A recently published article on diagnosing cancer got a lot of press. The article

noted that canines have an unusually sensitive sense of smell and might be able to diagnose cancer by sniffing breath sample from human patients. This is rather intriguing, since dogs have already been trained to locate explosives, cadavers, drugs, and so forth.

The researchers collected breath samples from 55 patients with lung cancer, 31 patients with breast cancer, and 83 volunteers with no prior cancer history.

Eligible patients were men and women older than 18 years with a very recent biopsy-confirmed conventional diagnosis of lung or breast cancer. We specifically requested that recruitment centers refer patients as soon as possible following definitive diagnosis so that breath sampling would not interfere with or delay planned conventional treatment. As we suspected that chemotherapy treatment would change the exhaled chemicals in cancer patients, we sought patients who had not yet undergone chemotherapy treatment. As we also suspected that patients with more advanced disease, and thus larger tumors, might be exhaling higher concentrations of the chemicals associated with cancer cells and would therefore be more easily identified by the dogs, we sought patients with any stage disease.

The collection of breath samples was quite simple.
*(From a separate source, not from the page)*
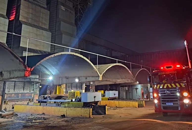 Após fatalidade na C.Vale, bombeiros trabalham em incêndio em silo da Bunge

For breath sampling, we obtained a cylindrical polypropylene organic vapor sampling tube (Defencetek, Pretoria, South Africa). Each tube is open at either end, is 6 inches long, has an outer diameter of 1 inch, has an inner diameter of 0.75 inches, and has removable end caps. A removable 2-inch-long insert of silicone oil-coated polypropylene “wool” captures volatile organic compounds in exhaled breath as breath passes through the tube. To collect breath samples, we asked donors to exhale 3 to 5 times through the tube. We then fitted the tubes with their end caps and sealed them in ordinary grocery store Ziplock-style bags at room temperature between the time of breath sampling and presentation to the dogs.
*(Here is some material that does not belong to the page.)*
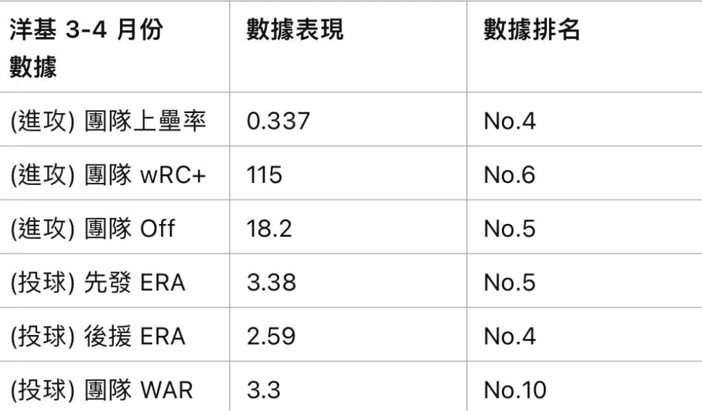以下是洋基隊在 3-4 月份的整體表現

Each patient and control contributed multiple breath samples to the study, ranging from 4 to 18 samples per person.

The dogs had to be trained to recognize cancer samples, and in the training sessions, the trainer had to be unblinded to the location of the cancer sample, so they could reward the dogs when they identified the cancer samples correctly. The dogs were trained to indicate a positive result by sitting down by the canister that had the cancer breath sample.

During phase 1 of training, the location of the cancer breath sample was known by both experimenter and trainer (Table 2). One station contained a cancer breath sample, and the remaining 4 stations contained blank sample tubes that had not been used in any breath sampling. To encourage the dogs to seek out the exhaled chemicals associated with cancer, we placed a piece of dog food in the station with the cancer breath sample and covered the container with a piece of paper so the food would not be visible.

The second phase of training still used four blank canisters and food rewards in the cancer breath sample canister.

During phase 2 of training, only the experimenter was aware of the location of the cancer breath sample and apart from encouraging the dog with encouraging phrases such as “go to work,” gave no “sit” or other verbal commands to the dog. Clicker signal by the experimenter and subsequent food reward and praise by the trainer were given only after the dog correctly indicated on the cancer breath sample. When the dog indicated incorrectly on a control, the experimenter would not signal with the clicker and the handler would remain silent, not give the dog any praise reward, and mildly rebuke the dog by saying “no.” Samples used in phases 1 and 2 (contaminated with food scent) were not used again.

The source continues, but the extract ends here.